Unfortunately, before the first lesson materialized on screen, the baby played patty-cake with the keyboard and the server lost its connection.

Okay, I admit I only imagined how things might be if the popularity of online schools continues to expand, because I couldn’t help thinking about my former mentor in education. Public schools are still in business, though I wonder for how long. Students are opting out of the classroom in record numbers, too often to avoid dealing with the problems they encounter within their non-virtual lives.

A former high-school English instructor, Janet McCabe, took the time to educate me as a young teacher in the school district where I worked. She offered this advice nearly 30 years ago for streamlining education: Just issue a diploma with the birth certificate; then schools could get on with the difficult job of teaching those students that actually want to learn.

I laughed when I first heard her say this, but she was serious.

Mrs. McCabe was a demanding teacher. She expected much from her students and some of her expectations had to do with competencies larger than mere reading and writing. She wanted her students to respect the opinions of others, the dead and the living, to listen even when they didn’t want to listen, to be patient, and most importantly to demonstrate they could negotiate those treacherous chasms between having relationships with their peers and being able to foster and maintain meaningful relationships with their teachers, especially the ones that required something out of them that proved difficult to master.

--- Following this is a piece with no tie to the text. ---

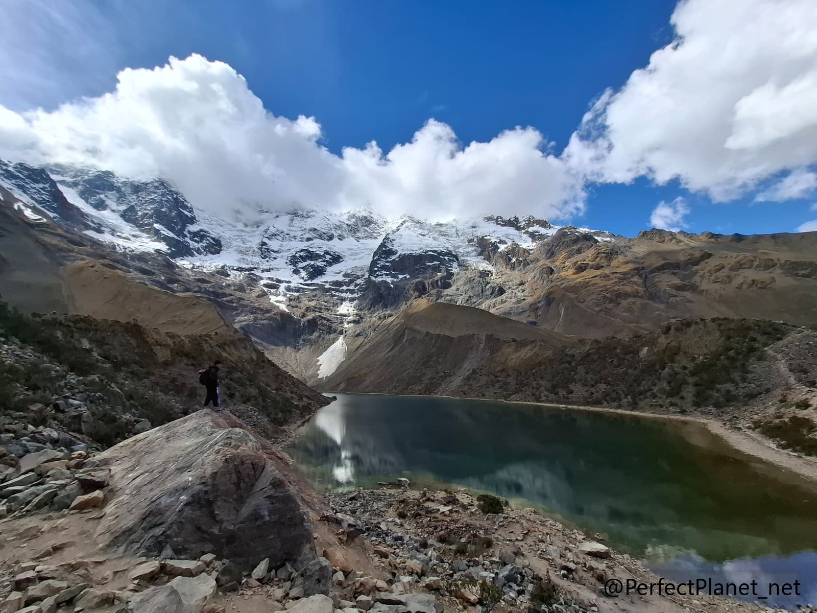 La laguna Humantay debe su nombre al nevado Humantay de más de 5.000 metros. Es uno de los sitios más bonitos de todo el trekking, el reflejo de las montañas sobre la laguna es alucinante. Se respiara paz y tranquilidad incluso cuando caen trozos de glaciar por la montaña. Distancia 3,94 kms , desnivel 350 metros.

Online coursework may be the answer for people busy with jobs to hold down and families to raise, but teens ought to be steered toward the Internet as a substitute for school with great caution. It’s not that the Internet can’t instruct, but I seriously question its ability to teach.

I sat in my mentor’s classroom to observe her teaching more than once, but I’ll never forget the day when her students were quietly reading a passage out of a Hemingway novel and one student sighed heavily, then reported “I’m bored to death!”

Mrs. McCabe looked up from her task of grading the same old vocabulary quizzes and smiled, the most genuine grin I’d ever seen cross her face. “If you’re bored at your age,” she replied, “I can’t imagine how you’ll ever survive until you’re 50.”

David Feela writes from rural Montezuma County.

From David Feela.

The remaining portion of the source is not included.